4. Applications and Empirical Findings

Masked IRL has been validated across adversarial problem domains, privacy-aware modeling, and robot task generalization:

• Cybersecurity and Intrusion Detection: N-CIRL is applied to settings where the defender does not know which asset is threatened. Masking retards defensive learning and enables attacker deception (Zhang et al., 2019).
• Human Task Modeling with Partial Observability: Summarized demonstrations (e.g., total completion time, path length only) are shown to permit recovery of plausible reward models and uncertainty quantification when full trajectories are missing (Kangasrääsiö et al., 2017).
• Meta-Cognitive Radar Evasion: In radar waveform management, adversarially perturbing resource constraints ensures that an IRL attacker fails to reconstruct true limitations, with provable sample complexity bounds under Gaussian probe noise (Pattanayak et al., 2022).
• Robot Learning from Language and Demos: Masked IRL leveraging LLM-guided masking achieves up to 15% improvement in average win rate and 4.7× reduction in demonstration sample complexity over baselines, robustly disambiguates intent, and demonstrates substantial regret reductions and improved reward invariance in real-world tasks (Hwang et al., 18 Nov 2025).

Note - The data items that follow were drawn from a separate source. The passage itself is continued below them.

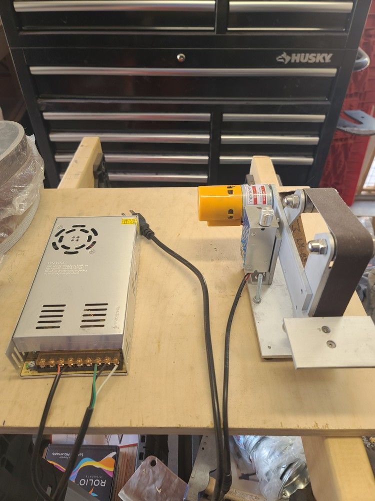 Used a handful of times. Great for sharpening or other small tasks. Comes with 80 assorted belts still new in package. Open to trades for smoker, bbq, or pressure washer.
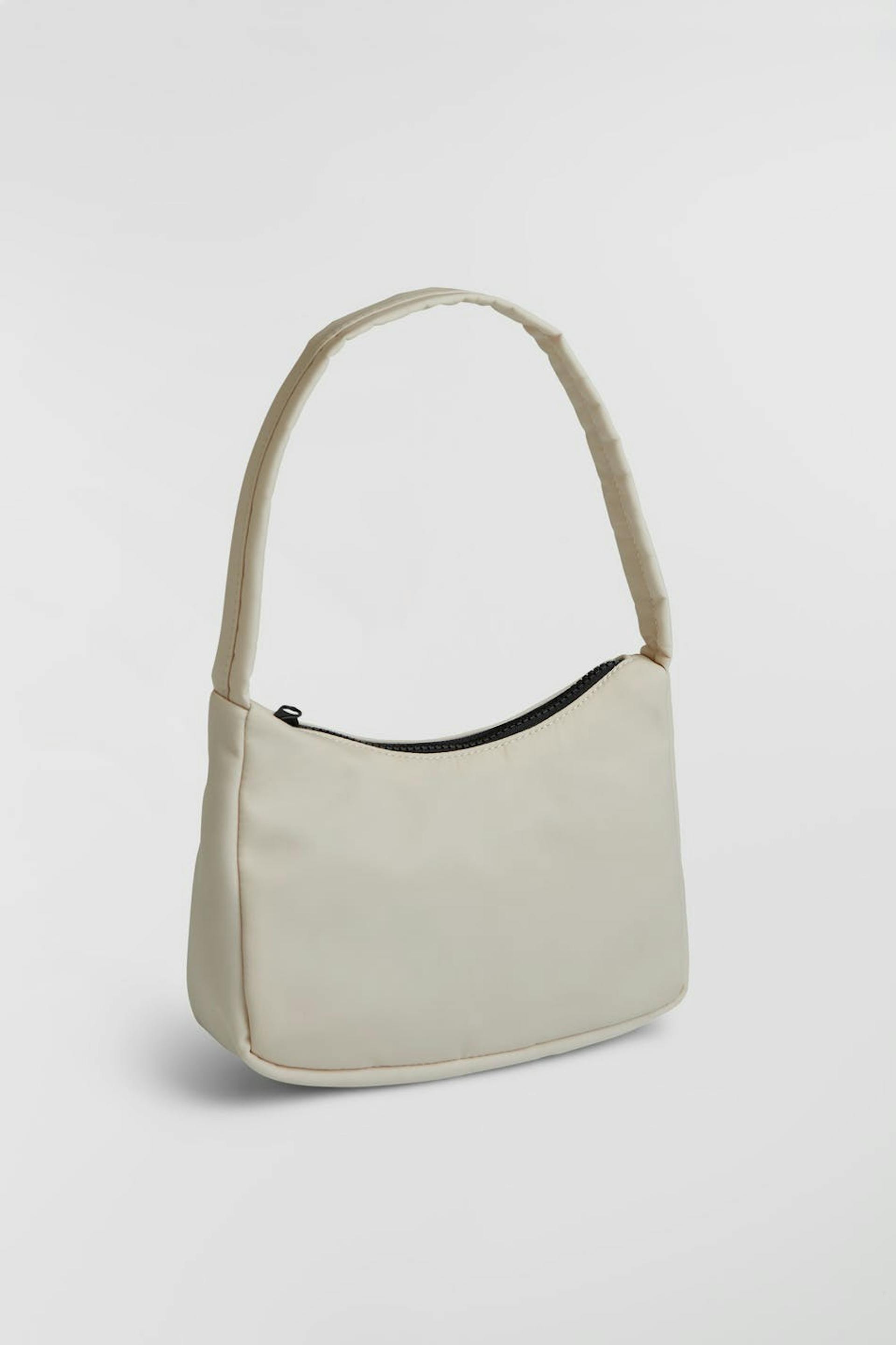 Baguettelaukku lyhyellä olkaimella. Laukku on beige. Se valmistetaan nylonista.
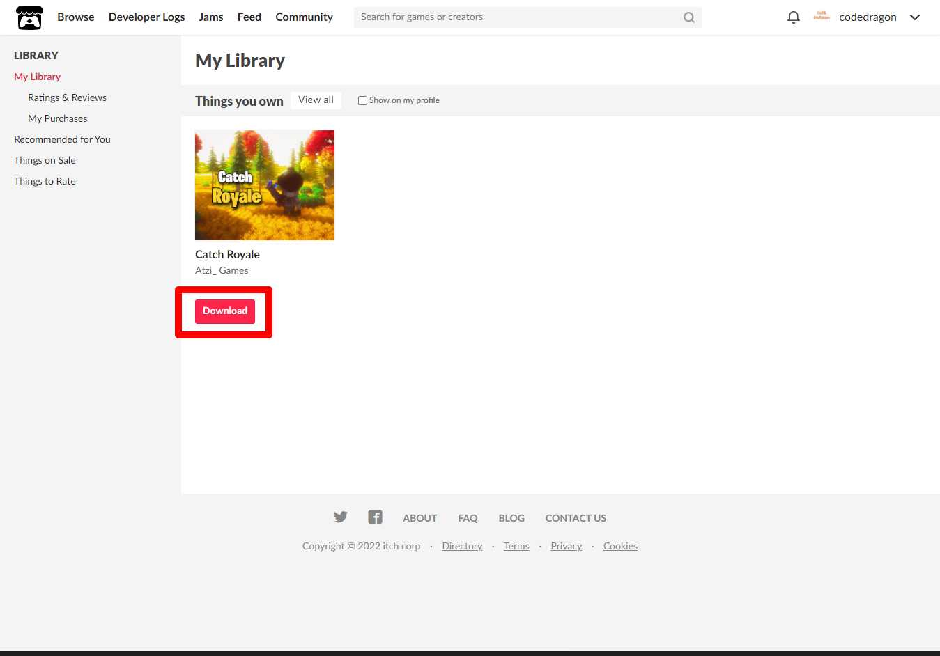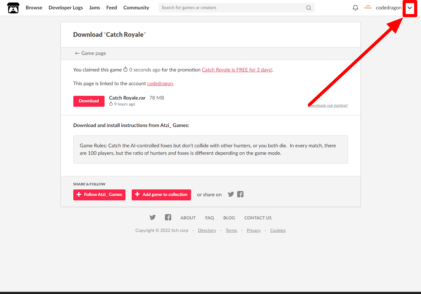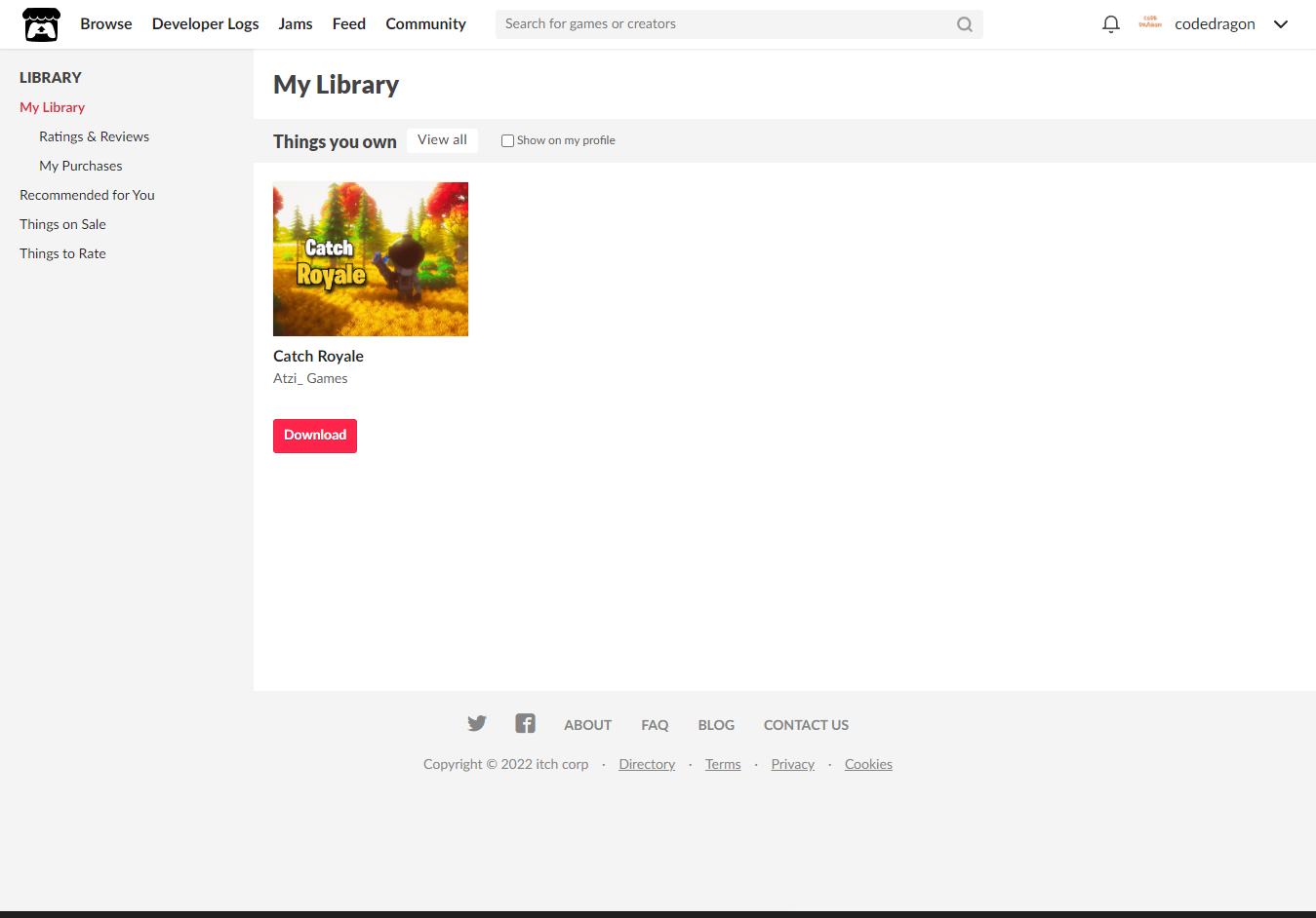 [Claim game]을 클릭하면 "Catch Royale" 게임이 나의 게임 라이브러리에 추가되고 설치파일을 다운받을 수 있는 페이지로 이동됩니다.

5. Theoretical Guarantees and Limitations

Each Masked IRL instantiation comes with distinct analytical tradeoffs and computational properties:

• Contraction Guarantees: Both the primal (attacker) and dual (defender) backup operators in N-CIRL are $\gamma$-contractions, yielding unique fixed points and convergence of iterative schemes to equilibrium within $\epsilon$ when belief/surrogate spaces are sufficiently dense (Zhang et al., 2019).
• Sample Complexity Bounds: The I-IRL strategy, under Gaussian perturbations and margin collapse rate $(1-\eta)$, prescribes a number of spoofing rounds $K \geq O(\log(1/\delta))$ to drive the failure probability below $\delta$ (Pattanayak et al., 2022).
• Likelihood and Posterior Scalability: Exact IRL-from-summary is exponentially hard in horizon/action space, but MC/ABC methods scale linearly with the number of forward simulations. Identifiability strongly depends on the summary function $\sigma$; severe masking broadens posteriors and may render parameters unidentifiable (Kangasrääsiö et al., 2017).
• LLM Masking Performance: Mask prediction accuracy in ambiguous instructions reaches F1=0.67, increasing to F1=0.78 after LLM disambiguation and F1=0.88 with oracle ground-truth. Regret reduction and reward variance improvements are directly tied to accurate mask extraction from ambiguous input (Hwang et al., 18 Nov 2025).

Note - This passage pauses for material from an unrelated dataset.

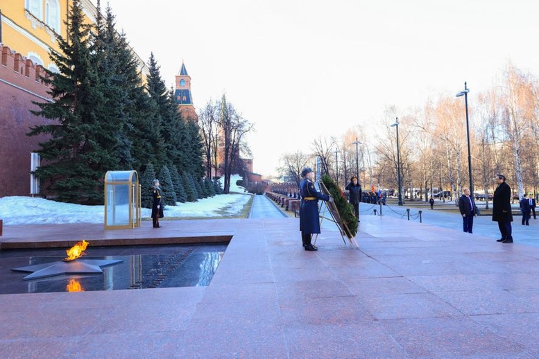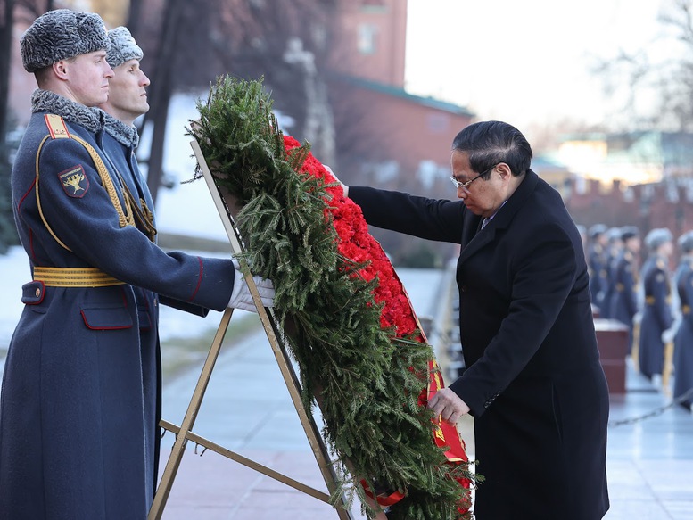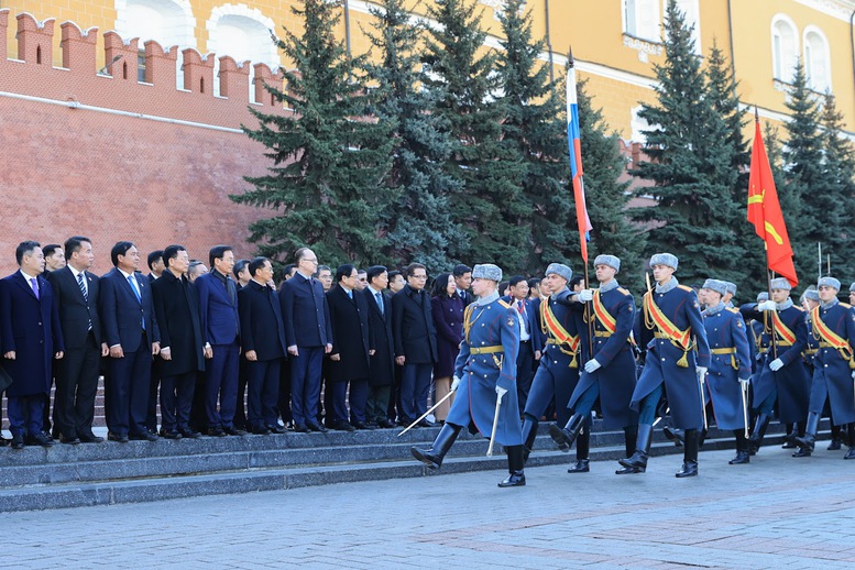 Trong không khí trang nghiêm xúc động, Thủ tướng Phạm Minh Chính cùng đoàn đại biểu cấp cao Việt Nam đã dâng hoa tưởng nhớ Chủ tịch Hồ Chí Minh, lãnh tụ kính yêu của Nhân dân Việt Nam, nhà lãnh đạo lỗi lạc của Đảng Cộng sản Việt Nam và phong trào cộng sản thế giới, Anh hùng giải phóng dân tộc, nhà văn hoá kiệt xuất. Chủ tịch Hồ Chí Minh cũng là người bạn lớn của nhân dân Nga - Người đã đặt nền móng cho mối quan hệ hữu nghị truyền thống giữa hai nước Việt Nam và Liên bang Nga.

6. Broader Implications and Extensions

Masked IRL formalizes and extends numerous settings where direct recovery of objectives is impossible, undesirable, or adversarially prevented. Its methods underpin practical tools for privacy in behavior modeling, security in adversarial environments, and robust generalization in embodied learning. Capabilities for handling arbitrary information summarization, masking via language, and derived sample complexity and convergence bounds position Masked IRL as a foundational paradigm for research in incomplete information games, human-AI alignment under ambiguity, and strategic deception or privacy.

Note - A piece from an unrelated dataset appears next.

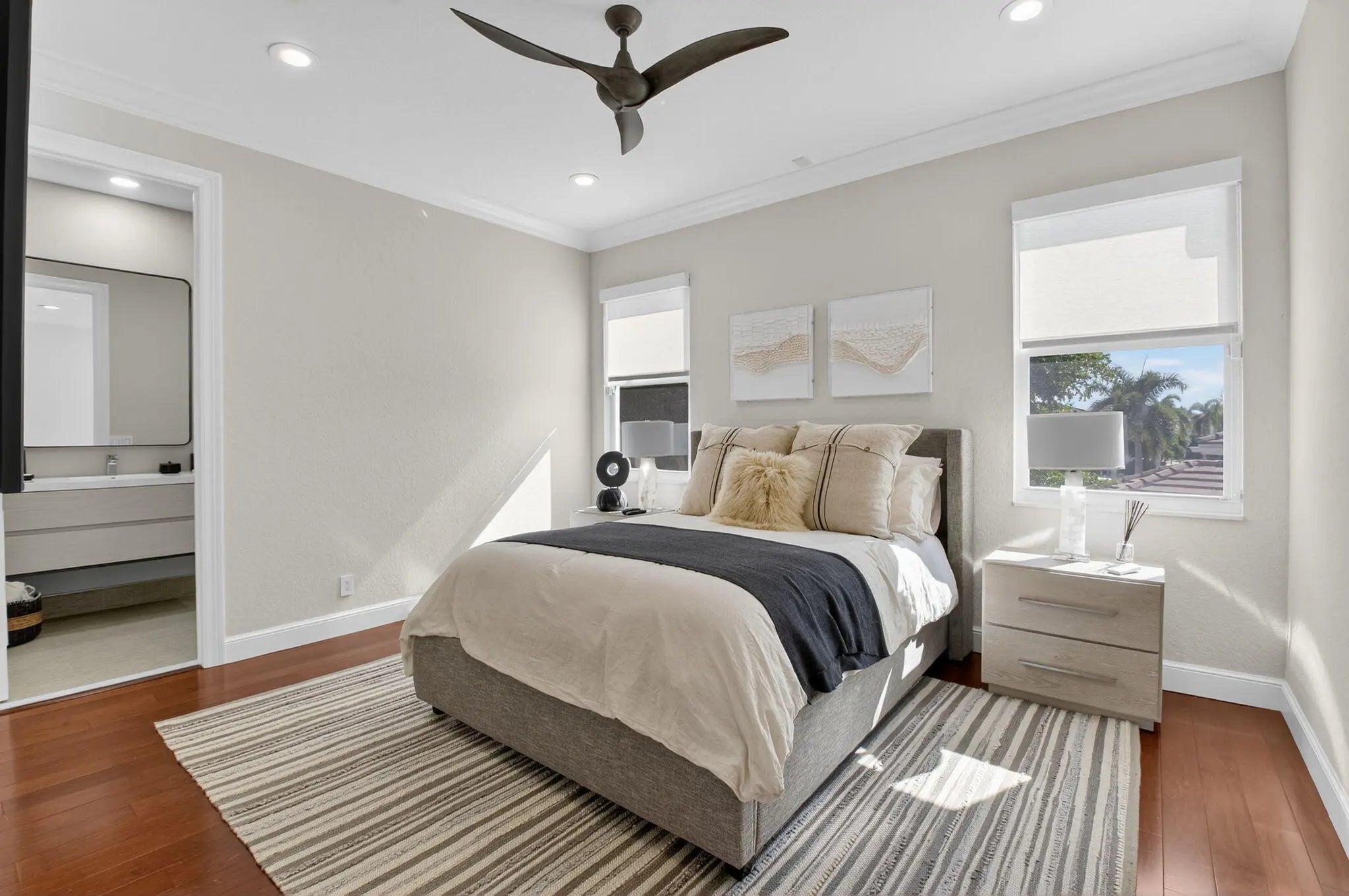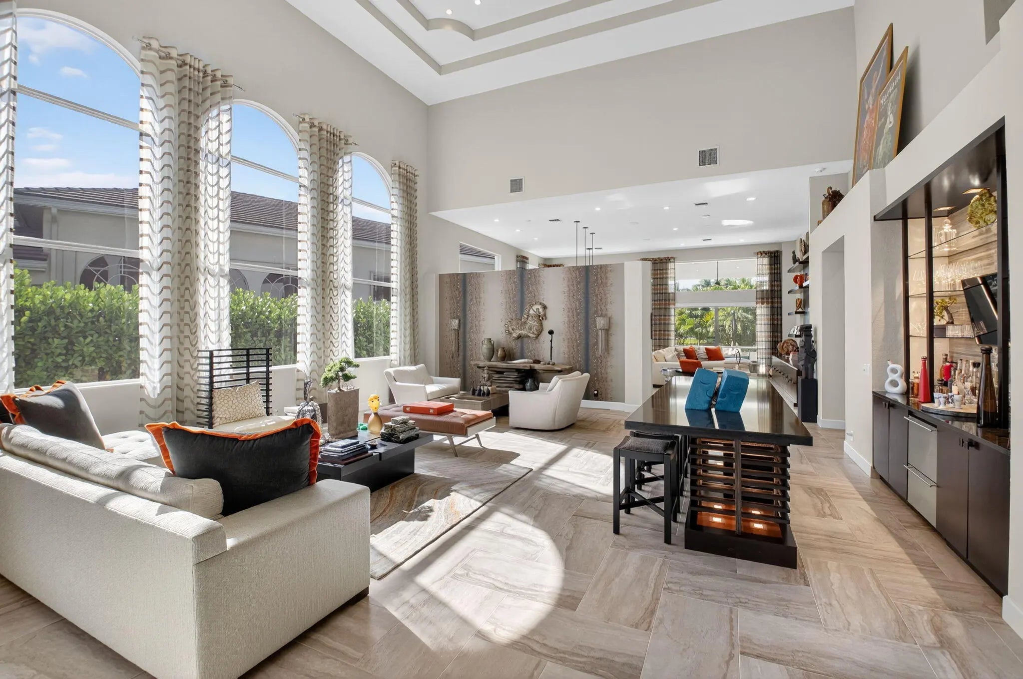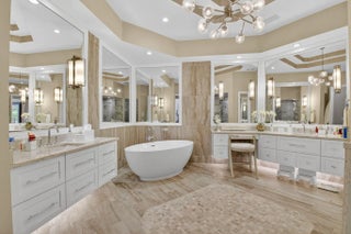 This is the home you've been waiting for in WOODFIELD COUNTRY CLUB. A circular driveway gracefully leads you up to this contemporary styled newly renovated 5 bedroom / 4.1 bath plus an additional office and offers 4764 ft of thoughtfully designed living space for both grand entertaining and intimate gatherings. The heart of the home is the chef's kitchen featuring top-of-the-line appliances with a breakfast nook that takes full advantage of the expansive lake views. The adjacent great room is perfectly designed with floor to ceiling windows, plenty of open air seating and an elegant bar that sets the stage for hosting dinner parties. The primary bedroom located on the main level features his and hers custom closets and an ensuite dream bathroom with dual sinks, makeup vanity,-
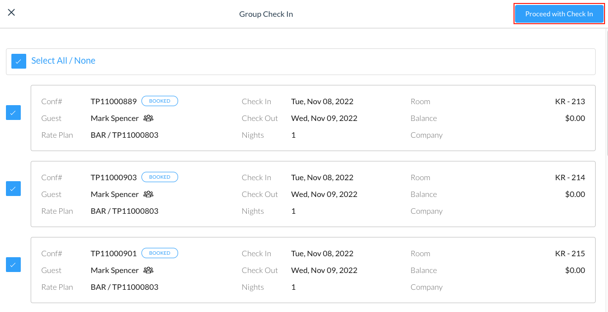 Se abre la pantalla de Check In de grupo Seleccione las reservas que desee registrar utilizando la casilla de verificaci贸n Haga clic en Continuar con el Check In | ![]() |

Future directions suggested in the literature include adaptive selection of discrepancy functions in ABC, dimensionality reduction in high-dimensional reward spaces, learning or co-inferring summary/masking operators, and integrating Masked IRL principles with broader partially observable MDP frameworks (Kangasrääsiö et al., 2017, Hwang et al., 18 Nov 2025). Developments in LLM-guided task structure extraction further allow Masked IRL to extend into fields where unstructured natural language and demonstration are the primary modes of communication and supervision.